• Task item: Review the material line by line. Identify and copy every line that contains the string "xiàn".

• Source data:
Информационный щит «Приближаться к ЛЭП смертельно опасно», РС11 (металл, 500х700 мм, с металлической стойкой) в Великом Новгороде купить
--
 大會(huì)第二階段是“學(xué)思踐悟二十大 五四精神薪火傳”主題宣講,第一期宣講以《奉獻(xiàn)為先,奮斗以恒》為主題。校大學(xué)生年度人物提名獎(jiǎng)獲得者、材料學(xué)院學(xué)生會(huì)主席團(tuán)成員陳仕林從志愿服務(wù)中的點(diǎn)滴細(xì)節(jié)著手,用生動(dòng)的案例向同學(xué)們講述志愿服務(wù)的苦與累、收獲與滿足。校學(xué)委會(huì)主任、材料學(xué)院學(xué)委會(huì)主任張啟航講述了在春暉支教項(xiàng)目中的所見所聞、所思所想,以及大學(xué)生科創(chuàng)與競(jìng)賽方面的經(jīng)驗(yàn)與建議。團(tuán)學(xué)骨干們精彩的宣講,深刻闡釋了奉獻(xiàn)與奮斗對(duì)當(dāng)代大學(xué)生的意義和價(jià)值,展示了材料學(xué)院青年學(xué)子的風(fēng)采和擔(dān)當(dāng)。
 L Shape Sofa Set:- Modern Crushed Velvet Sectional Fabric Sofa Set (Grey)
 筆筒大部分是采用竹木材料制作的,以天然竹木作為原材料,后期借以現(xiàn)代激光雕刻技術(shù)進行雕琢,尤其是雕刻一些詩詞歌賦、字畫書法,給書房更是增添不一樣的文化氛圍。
...
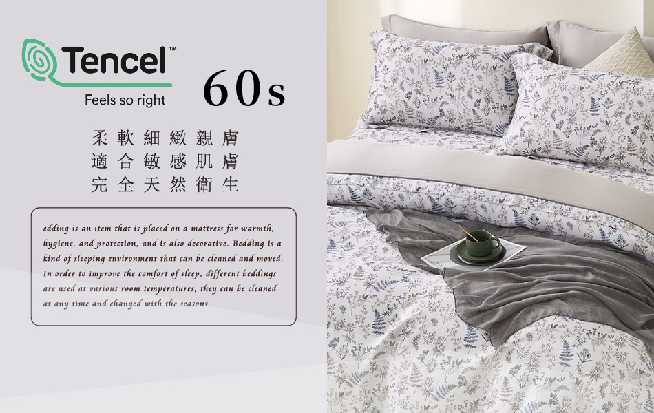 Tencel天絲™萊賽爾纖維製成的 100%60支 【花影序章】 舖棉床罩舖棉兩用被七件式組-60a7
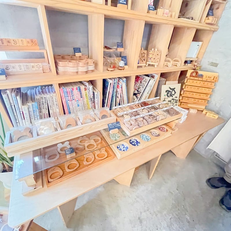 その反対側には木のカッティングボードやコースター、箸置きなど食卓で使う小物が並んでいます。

• Solution to this exercise:
 大會(huì)第二階段是“學(xué)思踐悟二十大 五四精神薪火傳”主題宣講,第一期宣講以《奉獻(xiàn)為先,奮斗以恒》為主題。校大學(xué)生年度人物提名獎(jiǎng)獲得者、材料學(xué)院學(xué)生會(huì)主席團(tuán)成員陳仕林從志愿服務(wù)中的點(diǎn)滴細(xì)節(jié)著手,用生動(dòng)的案例向同學(xué)們講述志愿服務(wù)的苦與累、收獲與滿足。校學(xué)委會(huì)主任、材料學(xué)院學(xué)委會(huì)主任張啟航講述了在春暉支教項(xiàng)目中的所見所聞、所思所想,以及大學(xué)生科創(chuàng)與競(jìng)賽方面的經(jīng)驗(yàn)與建議。團(tuán)學(xué)骨干們精彩的宣講,深刻闡釋了奉獻(xiàn)與奮斗對(duì)當(dāng)代大學(xué)生的意義和價(jià)值,展示了材料學(xué)院青年學(xué)子的風(fēng)采和擔(dān)當(dāng)。
 筆筒大部分是采用竹木材料制作的,以天然竹木作為原材料,后期借以現(xiàn)代激光雕刻技術(shù)進行雕琢,尤其是雕刻一些詩詞歌賦、字畫書法,給書房更是增添不一樣的文化氛圍。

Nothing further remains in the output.